Reflection groups

Reflection group is a discrete group of motions of a space of constant curvature (a sphere, Euclidean or hyperbolic space) which is generated by a set of reflections. Reflection groups appear remarkably often in various algebraic problems.
A very preliminary (and rather optimistic) plan of my lectures is as follows.
Lecture 1. Finite reflection groups. Examples: dihedral, permutation and hyperoctahedral groups. Regular tilings (kaleidoscopes) of a sphere, Euclidean space, Lobachevskii space. Coxeter cones and polytopes. Root systems, positive and simple roots.
Lecture 2. Classification of finite reflection groups by Coxeter graphs. An explicit construction of exceptional root systems. Crystallographic groups, Dynkin diagrams, relation to Lie algebras. Affine reflection groups. If time permits: hyperbolic reflection groups (an overview).
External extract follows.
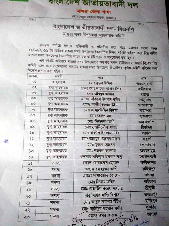 মাগুরা সদর উপজেলা বিএনপি’র আহবায়ক কমিটি ঘোষনাPosted on December 20, 2016December 20, 2016 by Magura News মাগুরানিউজ.কমঃ বিশেষ প্রতিবেদক- এক বিজ্ঞপ্তিতে বাংলাদেশ জাতীয়তাবাদী দল মাগুরা জেলা শাখার মাগুরা সদর উপজেলার আহবায়ক কমিটি গতকাল প্রকাশ করা হয়েছে। মাগুরা জেলা বিএনপির আহবায়ক সৈয়দ আলী করিম কমিটির বিষয়টি নিশ্চিত করেছেন। পোষ্ট শেয়ার করুনFacebookTwitterLinkedInEmailPrintLike this:Like Loading...

Lecture 3. A non-geometric example: representations of quivers, following Bernstein-Gelfand-Ponomarev. Indecomposable representations. Gabriel's theorem: the underlying graph of a finite type quiver is a simply-laced Dynkin diagram (ADE classification). Reflection functors. Bijection between the indecomposable representations and the positive roots. Independence on the orientation of a quiver. Kac's theorem.